Bridson and Haefliger in their Metric Spaces of Non-Positive Curvature in proof of proposition II.1.4 make use of the following fact: given any positive $\ell<D_\kappa$ there is constant $C$ depending only on $\ell$ and $\kappa$ such that if $c,c':[0,1]\to M^2_\kappa$ are two lineary parametrised geodesic segments of length at most $\ell$ and if $c(0)=c'(0)$, then $$d(c(t),c'(t))\leq C d(c(1),c'(1))$$ for all $t\in[0,1]$. $M^2_\kappa$ is two dimensional hyperbolic, Euclidean or spherical space of curvature $\kappa$. They reference 3.20, but I don't see that this fact immediately follows from that proposition, and it uses Riemannian metric, that I'm not too familiar with, and trying to prove it some other way, it's clear there is such $C$ for fixed $c,c'$, but how do I find one such $C$ for all possible pairs of curves of lenth at most $\ell$?

Answer 1

The statement you are trying to prove can be explained in words as follows. Given two geodesics that start at the same point find an estimate of their distance at time $t$ relative to their distance at time $1$ for all $t \in [0,1]$.

You can look at the three scenarios $\kappa=0, \kappa=-1, \kappa=1$ separately, other values of $\kappa$ follow from scaling.

$\kappa=0$ corresponds to flat Euclidean space. Geodesics are straight lines. $C=1$ works for all values of $l$.

It is a well known fact in Riemannian geometry that geodesics in hyperbolic space always move away from each other, which here translates to $C=1$ for all $l$. Rigorously proving that requires some knowledge of Riemannian geometry.

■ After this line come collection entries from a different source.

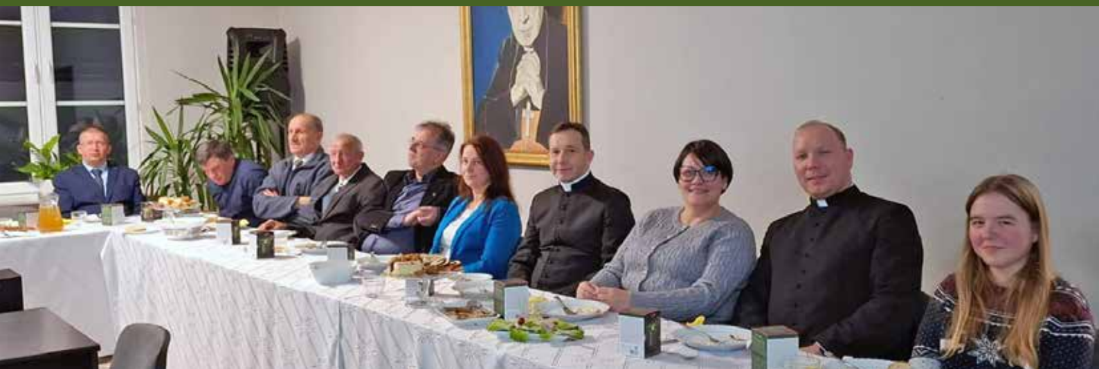
Spotkanie świąteczne Radnych i Pracowników Parafii, 27.12.2025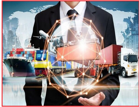
اشتغال مستقیم و غیرمستقیم برای هزاران نفر، افزایش درآمدزایی از محل ترانزیت و تقویت اقتصاد کشور و استان در شرایط کنونی می شود.

وی همچنین با تأکید بر ظرفیت های گردشگری این تالاب خاطر نشان کرد: چمن متحرک چملی با چشم اندازهای طبیعی منحصر به فرد، پوشش گیاهی خاص و شرایط زیست محیطی ویژه، می تواند به یکی از قطب های مهم گردشگری طبیعی و اکوتوریسم در استان تبدیل شود؛ به شرط آنکه توسعه گردشگری در این منطقه با رویکردی مسئولانه، همراه با حفاظت و مدیریت اصولی انجام شود. رئیس اداره محیط زیست تکاب با تأکید بر لزوم همکاری همگانی برای حراست از این میراث طبیعی خاطر نشان کرد: حفظ «چملی» مستلزم رعایت ضوابط زیست محیطی از سوی گردشگران است. از بازدیدکنندگان انتظار می رود با پرهیز از آسیب رسانی به پوشش گیاهی و مدیریت پسماندها، در پاسداشت این اثر ملی مشارکت کنند تا نسل های آینده نیز بتوانند از این موهبت کم نظیر بهره مند شوند.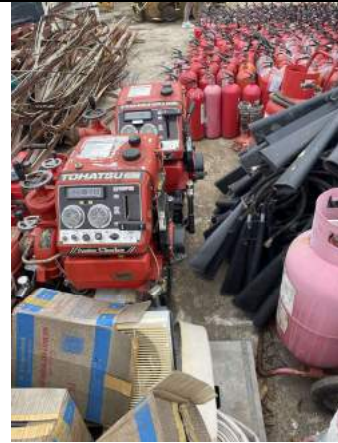
Sắt thép phế liệu, Bình chữa cháy, bơm cứu hỏa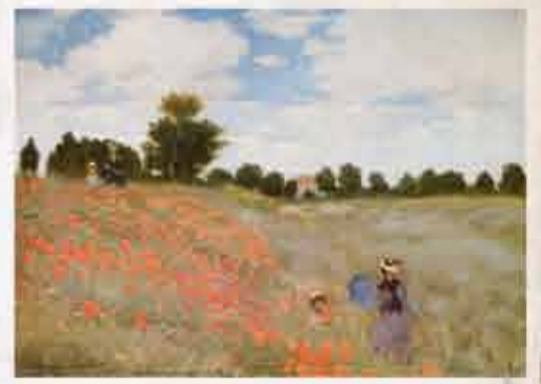
Les coquelicots, Claude Monet 1873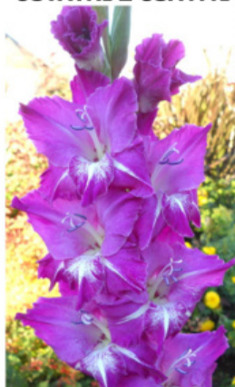
THE KING 'S KISSES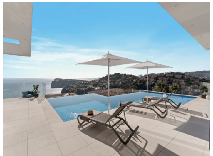
Terrasse mit Meerblick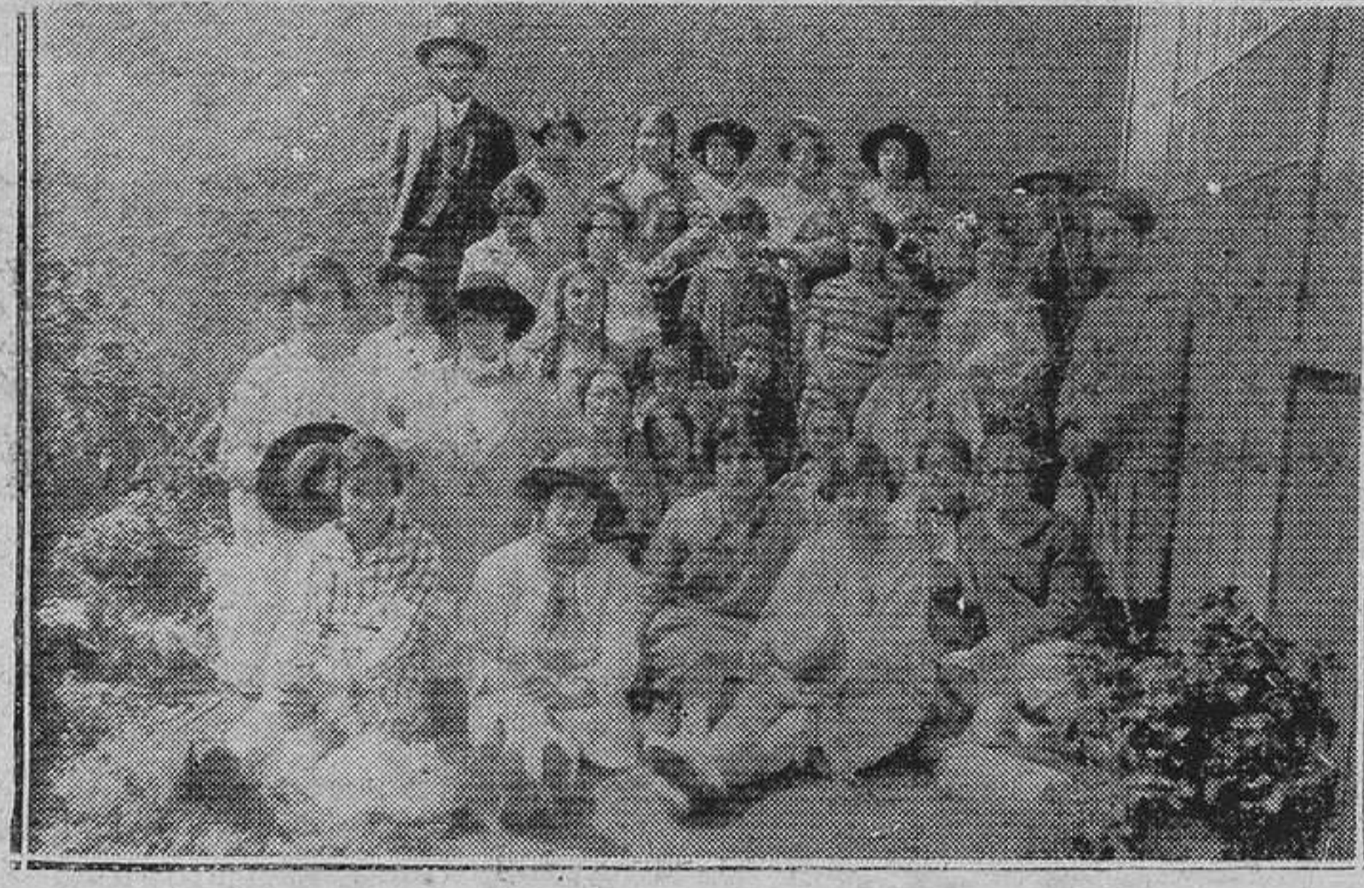
Un grupo infantil de Mieres en horas de sport.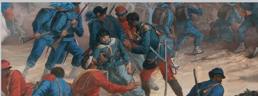
L'affresco che rappresenta l'eroica fine di Colomba Antonietti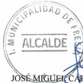
JOSÉ MIGUEL CARDENAS BARRÍA ALCALDE DE LA COMUNA

For $\kappa=1$ the value of $C$ does depend on $l$. Picture two geodesics (meaning great circles) on the sphere starting at the south pole. At $l=\pi$ they meet again at the north pole, so you need to restrict to $l< \pi$. For $l< \pi/2$ the geodesics are moving apart so they reach their greatest distance at $t=1$ and $C=1$ works. For $\pi/2 < l < \pi$ the points of greatest distance are on the equator. At $t=1$ they are closer to each other but you can get an estimate of the distance on the equator relative to the distance at $t=1$. The closer $l$ is to $\pi$, the bigger $C$ will need to be.